Sim! Às vezes componho versos simplificados, longe de esperar glória, escrevo para preencher o tempo…

Mas o espectro de Drácula ainda assombra-me, tento compreender o temperamento e a personalidade deste homem, mas é em vão! Ele é sinistro demais para nossa limitada compreensão e o mal tem um aspecto diverso.

Muitos relatos foram escritos a seu respeito, um deles editado por Ambrosiu Huber no ano de 1499 na cidade alemã de Nuremberg. Descreve coisas horrendas e assustadoras onde um homem, mais conhecido como Drácula, o Calamitoso, empalou um número considerável de seres humanos. O método de empalar consiste em atravessar o indivíduo com uma enorme lança pontiaguda feita na maioria das vezes com dois ou três metros de comprimento. Desta forma a empalação tornou-se uma das mortes mais cruéis, equiparada somente à crucificação. Isto é, se não exceder-se a este outro método de morte.

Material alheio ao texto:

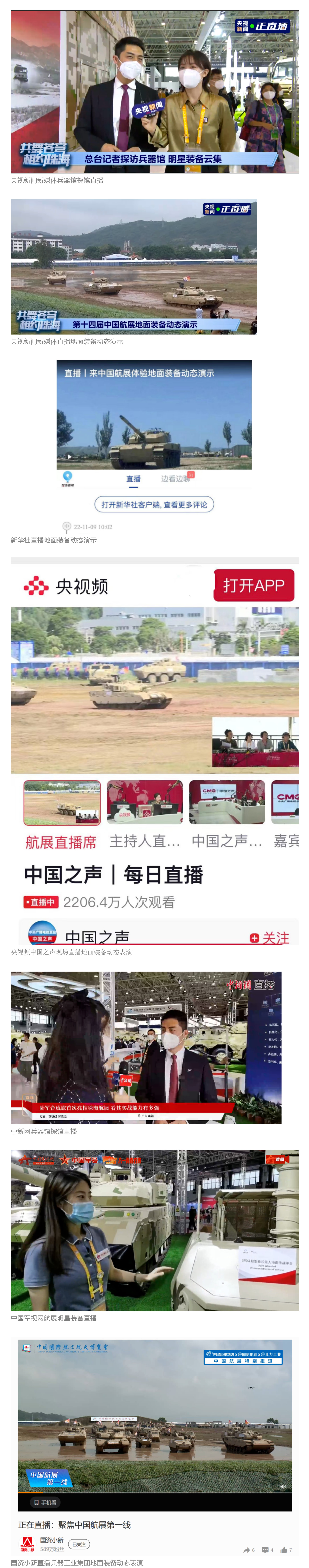 央視新聞新媒體、央視頻中國之聲、新華社、中國新聞網、中國軍視網、CGTN(微博、臉書、推特)等媒體以及國資小新、共青團中央、鳳凰軍事等到兵器工業集團地面動態演示區、中國兵器館進行了直播。航展期間,集團公司微信視頻號、微博、抖音號、快手號共進行8次直播,最高觀看人數突破24萬。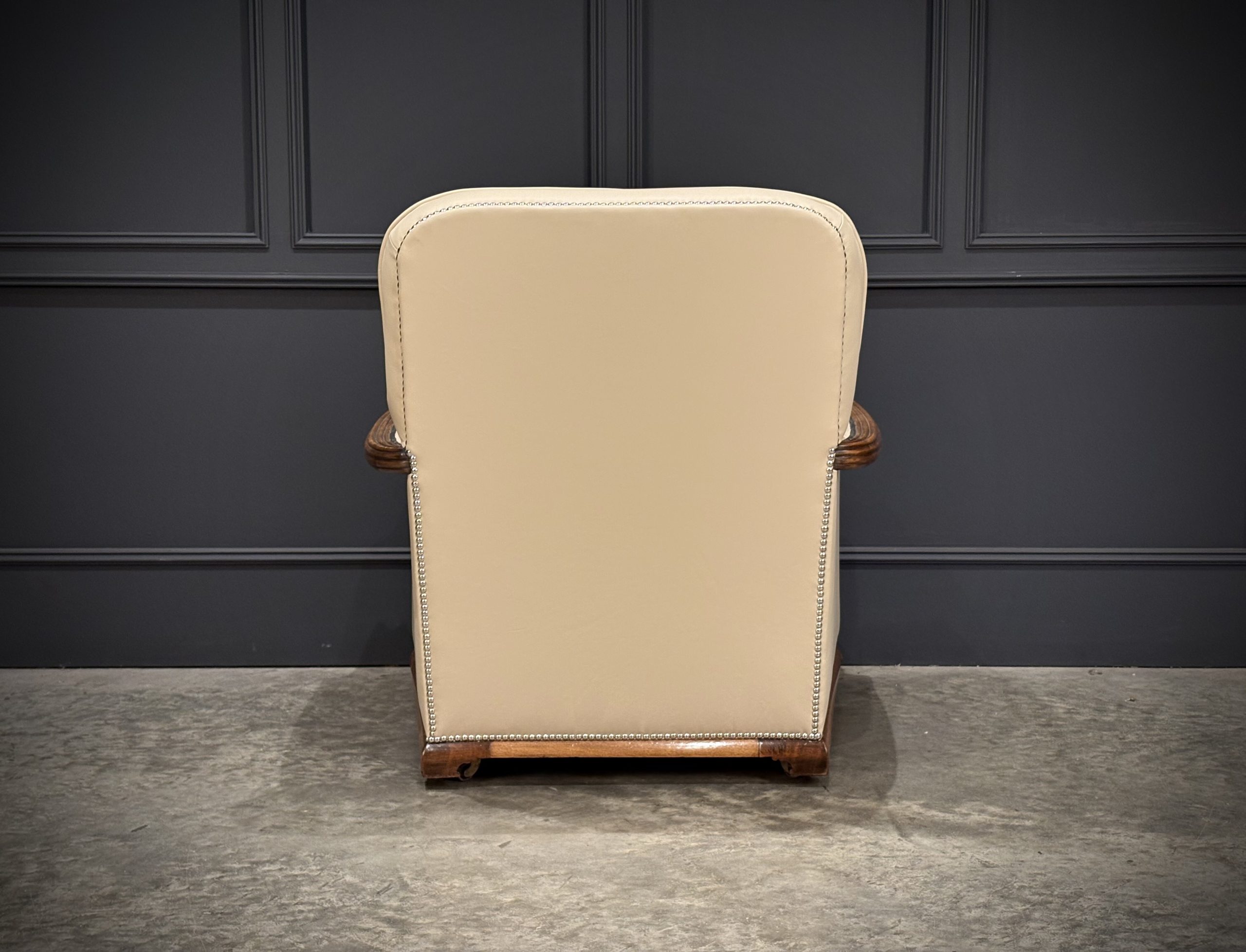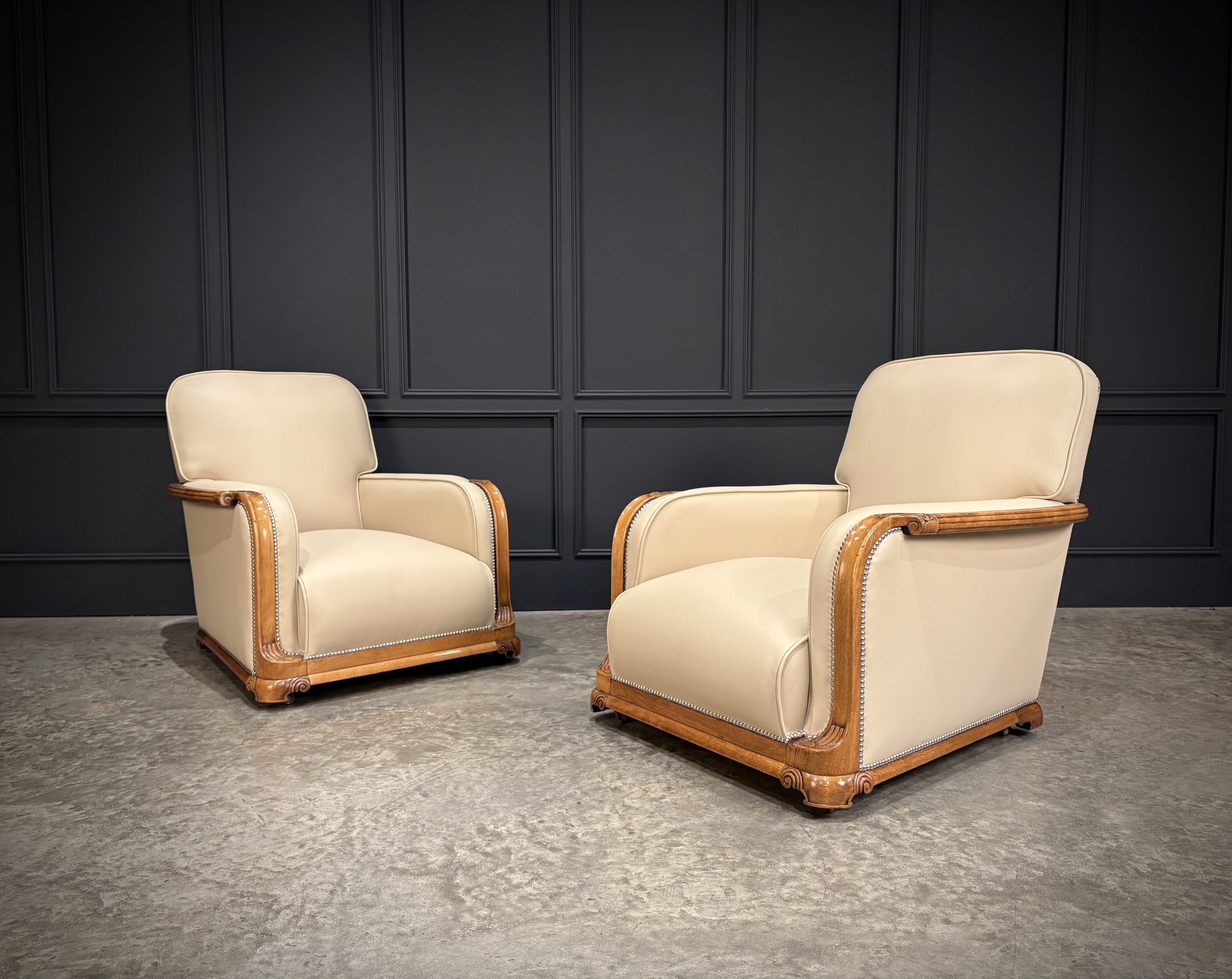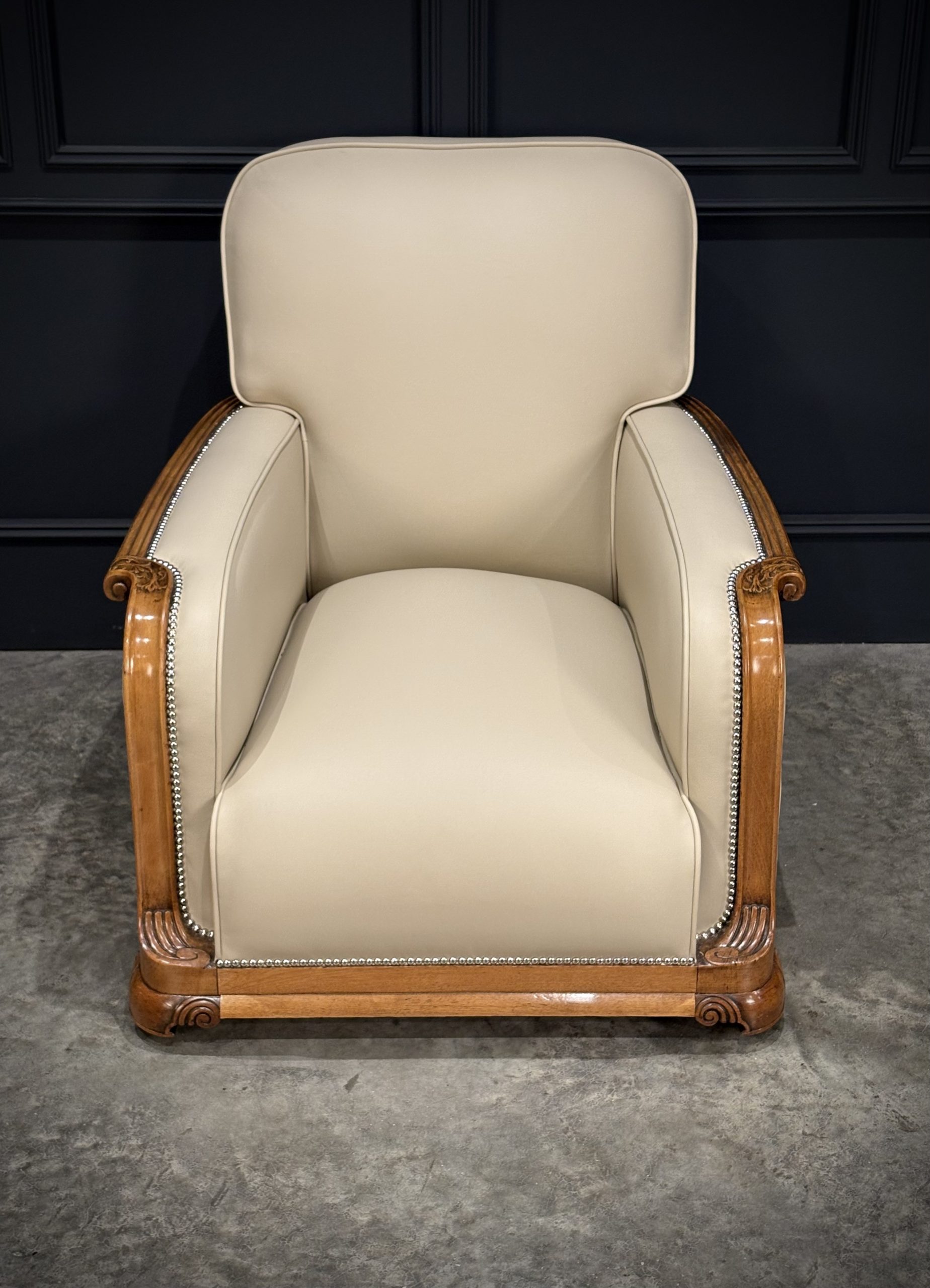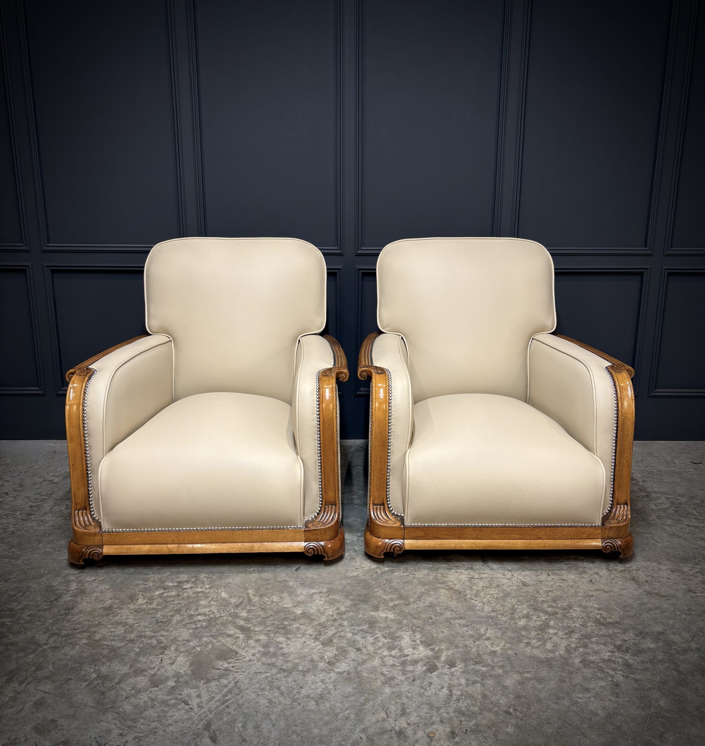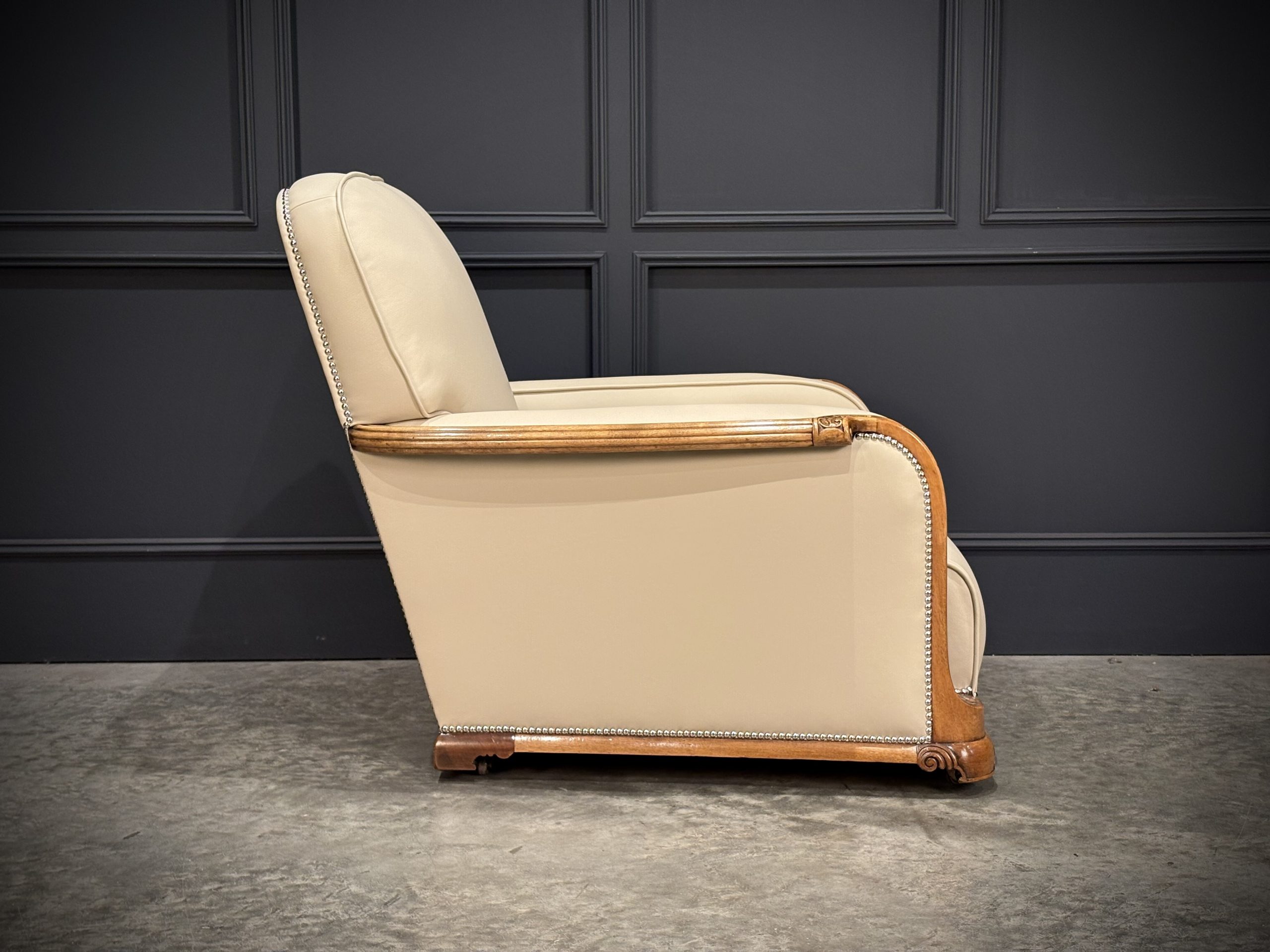 This exceptional pair of Art Deco armchairs , dating from the 1930s, combines timeless style with comfort. The beautifully crafted walnut frames feature intricate carved detailing, while the chairs elegant design is further enhanced by the newly upholstered, thick quality cream leather with a striking chrome studded trim.

A crucificação também tem seu lado horrendo, e Cristo deve ter sofrido o diabo quando ficou dependurado na cruz do calvário junto a dois ladrões, pois a morte demora e o sangue escoa lentamente…

Em alguns casos a empalação produz uma morte imediata no indivíduo. Em outros, o indivíduo agoniza lentamente e o sofrimento é absoluto!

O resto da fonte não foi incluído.